Senate Bill S933A recognizes the reality that antitrust plaintiffs usually rely on expensive experts and seeks to incentivize potential plaintiffs to bring meritorious claims by telling them they can expect to be compensated for expert fees upon prevailing.  The Supreme Court sidestepped this issue in American Express Co. v. Italian Colors Restaurant, where it sided with Amex concerning its motion to compel individual arbitration, despite the opinion of the antitrust plaintiffs’ economist that “the cost of an expert analysis necessary to prove the antitrust claims would be at least several hundred thousand dollars, and might exceed $1 million, while the maximum recovery for an individual plaintiff would be . . . $38,549 when trebled.”  570 U.S. 228, 231 (2013) (internal quotation omitted).  As Justice Kagan wrote in her vivid dissent, the Court’s “nutshell” response was: “Too darn bad.”  Id. at 240 (Kagan, J., dissenting).  Senate Bill S933A’s award of expert fees to prevailing private litigants recognizes this reality and helps encourage the filing of antitrust cases in New York.  It is also consistent with two legislative findings underpinning the bill: a “great concern for the growing accumulation of power in the hands of large corporations”; and “anti-competitive practices harm great numbers of citizens . . . .”  Senate Bill S933A § 2.

But there’s another interesting twist worth watching.  The clear thrust of the provision awarding expert fees—and Senate Bill S933A in its entirety—is to encourage more vigorous enforcement of New York antitrust laws, including through the encouragement of meritorious antitrust actions.  However, there is a slight ambiguity in the bill’s language.

Whereas the Donnelly Act currently awards “any person who shall sustain damages by reason of any violation of this section . . . [treble damages] as well as costs not exceeding ten thousand dollars, and reasonable attorneys’ fees,” N.Y. Gen. Bus. Law § 340(5) (emphasis added), Senate Bill S933A’s new section does not explicitly limit awards of expert fees to plaintiffs, or those that sustained damages by reason of anticompetitive conduct.  Instead, the section provides for the recovery of expert fees “if . . . private litigants prevail” “[i]n any action alleging a violation of a provision of this article . . . .” Senate Bill S933A § 342-d (emphasis added).  If the bill as written becomes law, a prevailing defendant in a Donnelly Act case may try to argue that it should recover expert fees.  This strained reading is not the aim of the section or the bill, but such a result could chill plaintiffs from suing under the Donnelly Act.  A framework awarding expert fees to prevailing private litigants that “sustain damages by reason of any violation [of a provision] of this [article]” (as well as the NYAG) would not only more closely mirror language in the existing Donnelly Act, but it would also further the bill’s fundamental purpose of encouraging more antitrust actions in New York.

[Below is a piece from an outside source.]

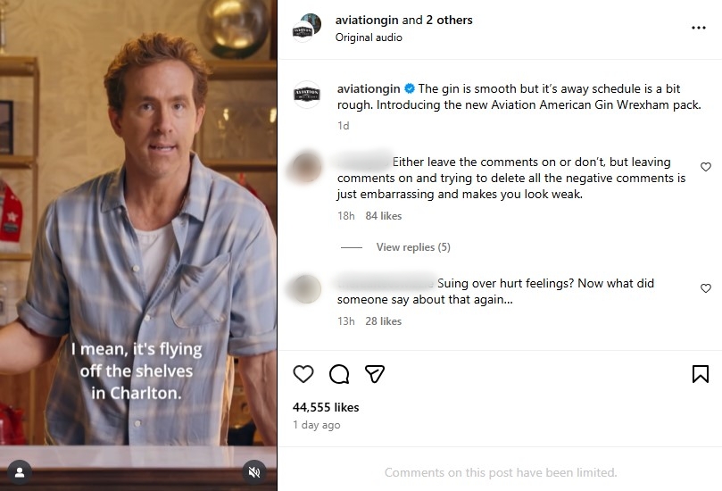 Halaman Instagram resmi Aviation American Gin membagikan video baru yang menampilkan wajah merek, aktor Ryan Reynolds. Video ini menunjukkan sebuah collab dari dua mereknya, Aviation Gin dan Wrexham AFC dan dalam Avatar pria lucu sejatinya, aktor ini membawa Anda melalui iklan, yang dibagikan bersama dengan judul, “Gin ini halus tetapi jadwal tandang agak kasar. Memperkenalkan Paket Aviation American Gin Wrexham yang baru. [sic]”Sejauh ini, sangat bagus. Namun, bagian komentar tidak cocok dengan suasana hati Ryan Reynolds! Itu buruk (baca: Bloodbath)!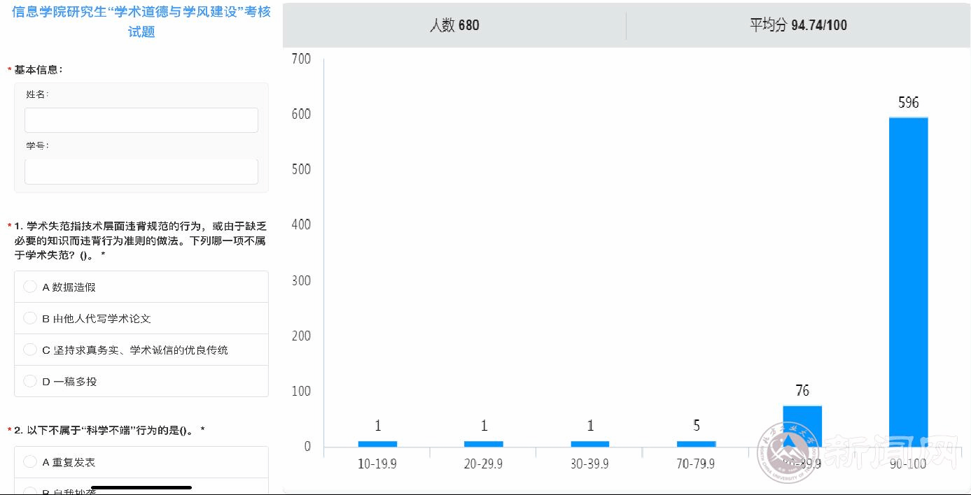 同时,学院组织全体研究生参加了“学术道德与学风建设”知识考核。考核以线上答题形式进行,对象为学院全体研究生,其中75%的学生一次性通过考核,其余学生通过学习也顺利完成考核,此次考核成绩将纳入学院研究生政治思想表现考核体系。通过学习和测试,同学们纷纷表示对学术研究和论文发表方面的基本道德准则有了更清晰的认识,一定会遵守学术规范,抵制学术不端。

If Senate Bill S933A becomes law, New York will be at the forefront of antitrust enforcement in the United States.  The new “abuse of dominance” standard would cover a wide range of anticompetitive conduct beyond what is covered by the current Donnelly Act or even the federal antitrust laws.  The new premerger notification requirements would strengthen the NYAG’s merger enforcement efforts.  And if the bill becomes law, antitrust plaintiffs, particularly small-and medium-sized businesses, with Donnelly Act claims—the scope of which would expand significantly under the new law—should consider whether, and to what extent, they may recover fees of economists and other experts pursuant to proposed § 342-d.